- [Problem to solve]: The data must be given again exactly as written, with all images omitted.

- [Collected material]:
★ ★ ★

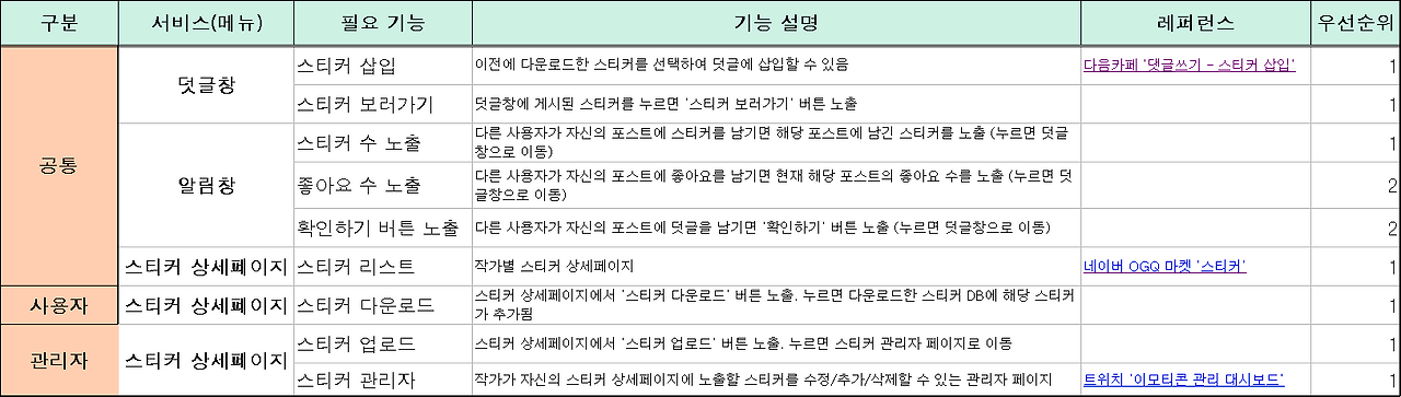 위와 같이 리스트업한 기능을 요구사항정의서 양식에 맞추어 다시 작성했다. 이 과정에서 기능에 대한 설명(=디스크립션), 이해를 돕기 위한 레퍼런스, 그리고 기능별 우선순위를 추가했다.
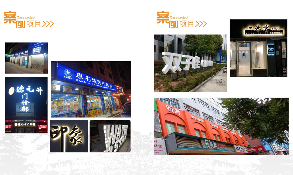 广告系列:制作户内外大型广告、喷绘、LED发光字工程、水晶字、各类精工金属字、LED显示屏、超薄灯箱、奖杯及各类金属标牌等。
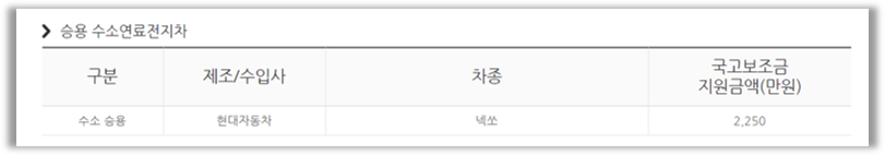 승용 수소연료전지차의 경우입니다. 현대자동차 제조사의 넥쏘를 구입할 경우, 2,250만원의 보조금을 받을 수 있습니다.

★ ★ ★

- [Result of this exercise]:
 위와 같이 리스트업한 기능을 요구사항정의서 양식에 맞추어 다시 작성했다. 이 과정에서 기능에 대한 설명(=디스크립션), 이해를 돕기 위한 레퍼런스, 그리고 기능별 우선순위를 추가했다.
 广告系列:制作户内外大型广告、喷绘、LED发光字工程、水晶字、各类精工金属字、LED显示屏、超薄灯箱、奖杯及各类金属标牌等。
 승용 수소연료전지차의 경우입니다. 현대자동차 제조사의 넥쏘를 구입할 경우, 2,250만원의 보조금을 받을 수 있습니다.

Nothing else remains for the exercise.